Mi vengono in mente, sicuramente ne avrete sentito parlare o lo avrete visto in qualche film, quei turisti che arrivano a Los Angeles, anzi, a Hollywood, armati di una di quelle “mappe delle residenze delle star”, fondamentalmente per andarsi a fare delle foto piuttosto inutili davanti ai cancelli delle ville dei propri attori preferiti.
Ecco, per fortuna in questo caso il nostro fine non è così futile, ma in effetti con questo Echo in the Canyon abbiamo tra le mani una vera e propria mappa dalle molteplici funzioni: una funzione geografica, che identifica la zone del Laurel Canyon in cui hanno vissuto a stretto contatto alcune delle più grandi menti musicali di sempre a metà degli anni ’60, e una funzione temporale, perché con i brani si fa un tuffo indietro in quello che è stato un periodo creativo davvero inimitabile.

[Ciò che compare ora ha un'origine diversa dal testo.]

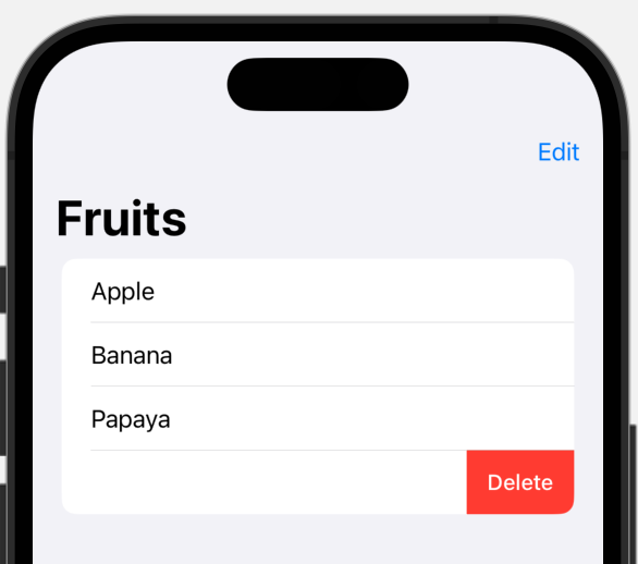 SwiftUI는 컬렉션에서 객체를 삭제하는 방법을 제어하는 데 사용할 onDelete() 수정자를 제공한다. 이 기능은 목록에서 각 행에만 사용된다.
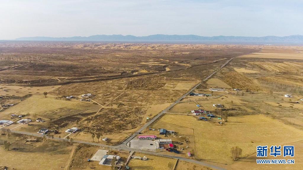 這是位于庫布其沙漠邊緣的內(nèi)蒙古達(dá)拉特旗官井村(4月3日攝,無人機(jī)照片)。新華社記者 張晟 攝

Laurel Canyon con tutti i musicisti che vi hanno vissuto, dai Byrds ai Buffalo Springfield, da Frank Zappa a Jim Morrison passando per Brian Wilson dei Beach Boys ecc… è stata la fucina del “California Sound”, del “West Coast Rock”, quel genere musicale che dal folk si è evoluto prima in folk elettrico, poi in rock e in psichedelia.
L’eco che si diffuse in questo lembo di terra occupato dalle strette colline delle Hollywood Hills fu così forte da arrivare sino in Inghilterra, la patria dei Beatles, trasformando le prede in predatori si potrebbe dire, cioé coloro che avevano alimentato la creatività musicisti americani (i 4 baronetti appunto) furono a loro volta influenzati da questi stessi loro ammiratori e diventarono assetati di quel sound.
In questo modo sono nati dischi che hanno cambiato il corso della storia, una storia che va raccontata e questo disco, tratto dall’omonimo film documentario, lo fa in maniera affascinante.